▶ **PROBLEM DETAILS**
Exactly and only the lines from the one with "Minus33 Merino Wool" through the last line of the records need to be set down; please skip the pictures.

GIVEN DATA Start Marker

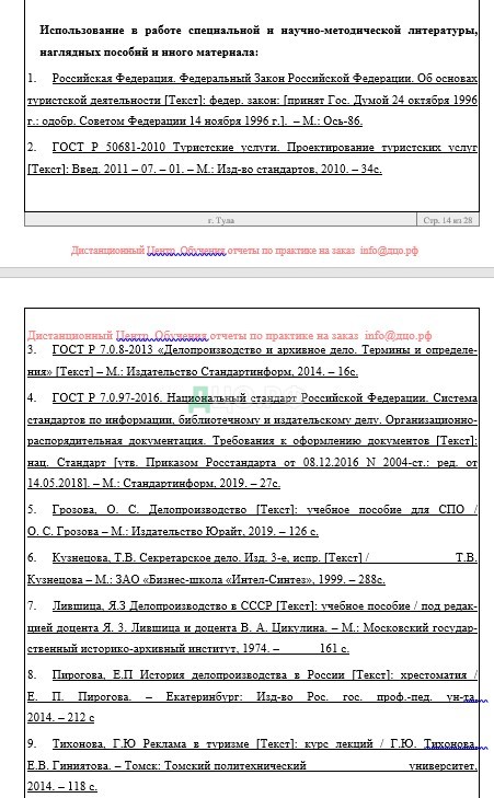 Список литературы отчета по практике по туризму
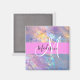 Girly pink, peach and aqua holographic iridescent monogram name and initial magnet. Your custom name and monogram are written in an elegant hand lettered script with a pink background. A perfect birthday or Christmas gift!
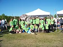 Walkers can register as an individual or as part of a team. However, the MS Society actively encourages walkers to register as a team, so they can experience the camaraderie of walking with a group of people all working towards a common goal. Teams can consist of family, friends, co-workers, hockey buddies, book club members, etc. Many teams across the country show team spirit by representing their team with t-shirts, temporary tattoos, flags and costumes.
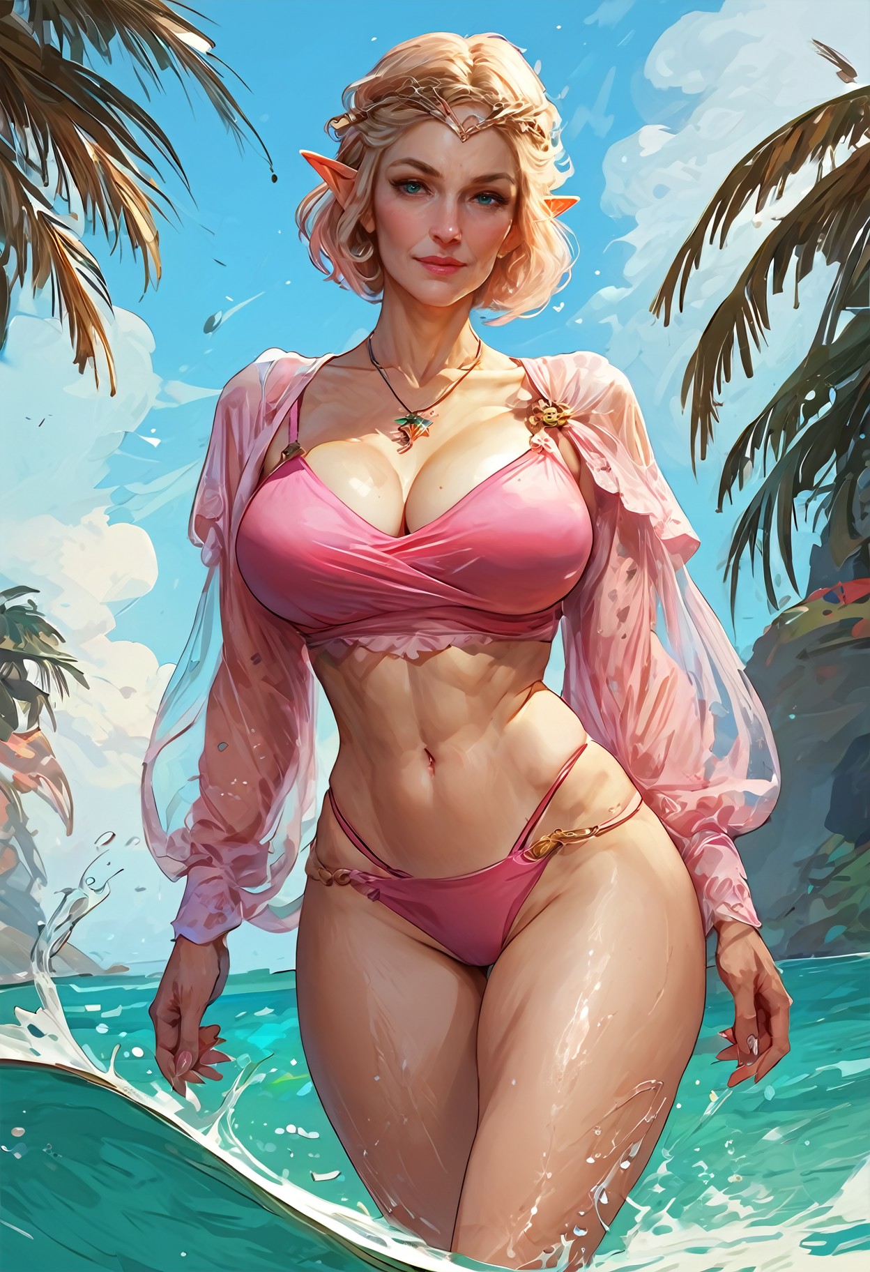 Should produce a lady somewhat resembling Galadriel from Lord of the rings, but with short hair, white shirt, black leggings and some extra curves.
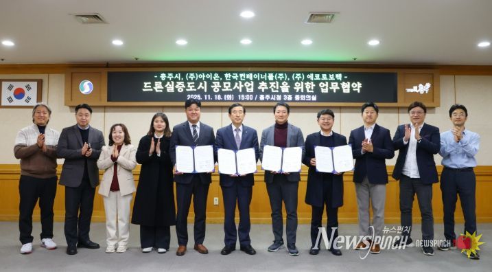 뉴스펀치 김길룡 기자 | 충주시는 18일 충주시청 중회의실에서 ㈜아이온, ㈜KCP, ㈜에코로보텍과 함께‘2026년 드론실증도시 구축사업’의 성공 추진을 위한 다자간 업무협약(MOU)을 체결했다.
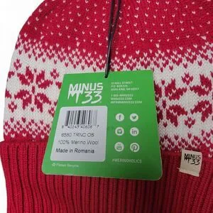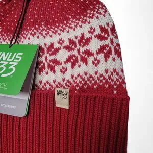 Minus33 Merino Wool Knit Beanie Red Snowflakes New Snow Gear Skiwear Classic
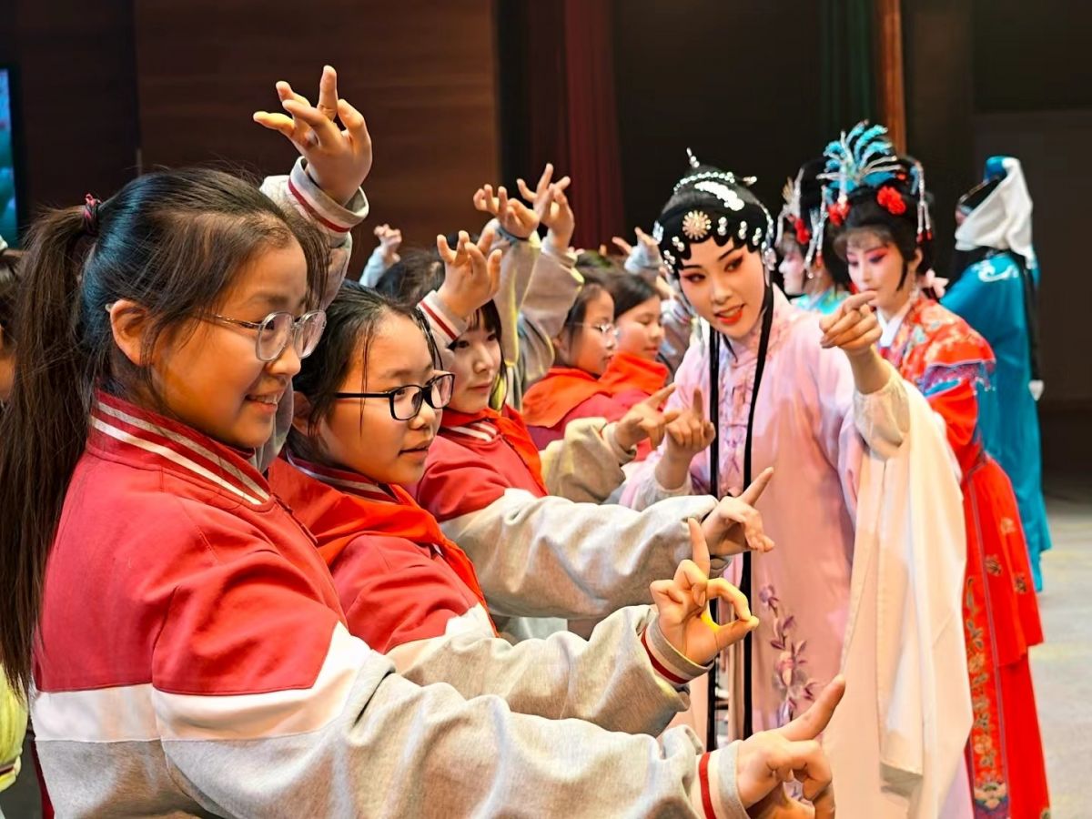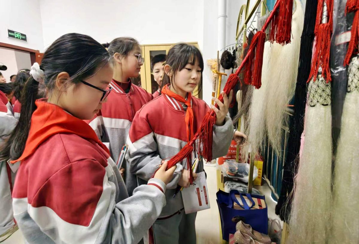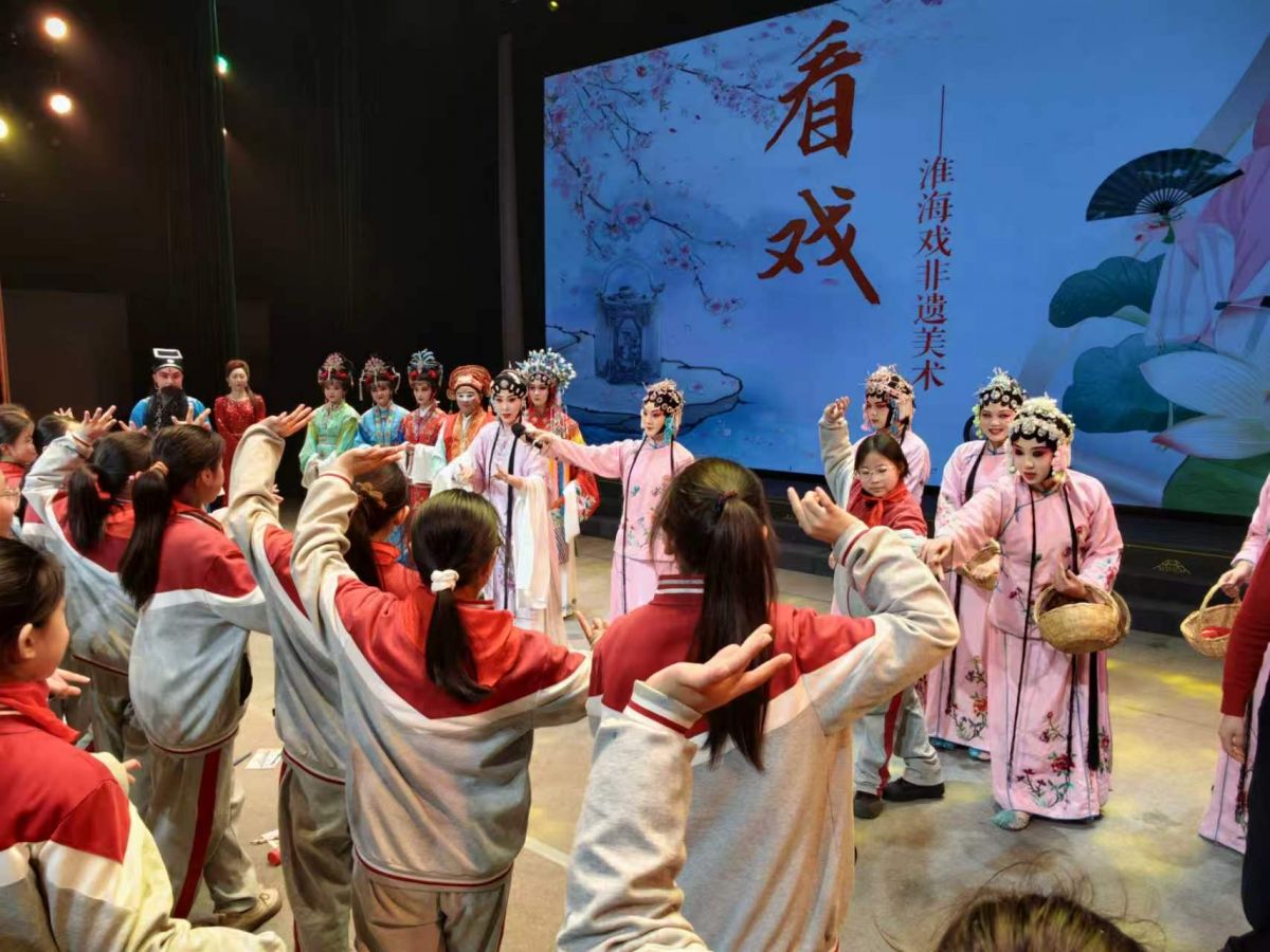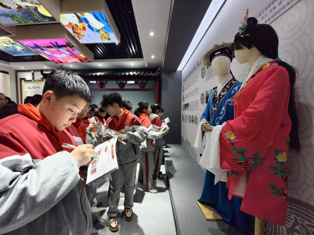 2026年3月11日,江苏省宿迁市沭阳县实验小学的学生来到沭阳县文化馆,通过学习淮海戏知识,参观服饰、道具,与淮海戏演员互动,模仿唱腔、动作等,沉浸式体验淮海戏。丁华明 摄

GIVEN DATA End Marker

▶ **EXERCISE RESPONSE**
 Minus33 Merino Wool Knit Beanie Red Snowflakes New Snow Gear Skiwear Classic
 2026年3月11日,江苏省宿迁市沭阳县实验小学的学生来到沭阳县文化馆,通过学习淮海戏知识,参观服饰、道具,与淮海戏演员互动,模仿唱腔、动作等,沉浸式体验淮海戏。丁华明 摄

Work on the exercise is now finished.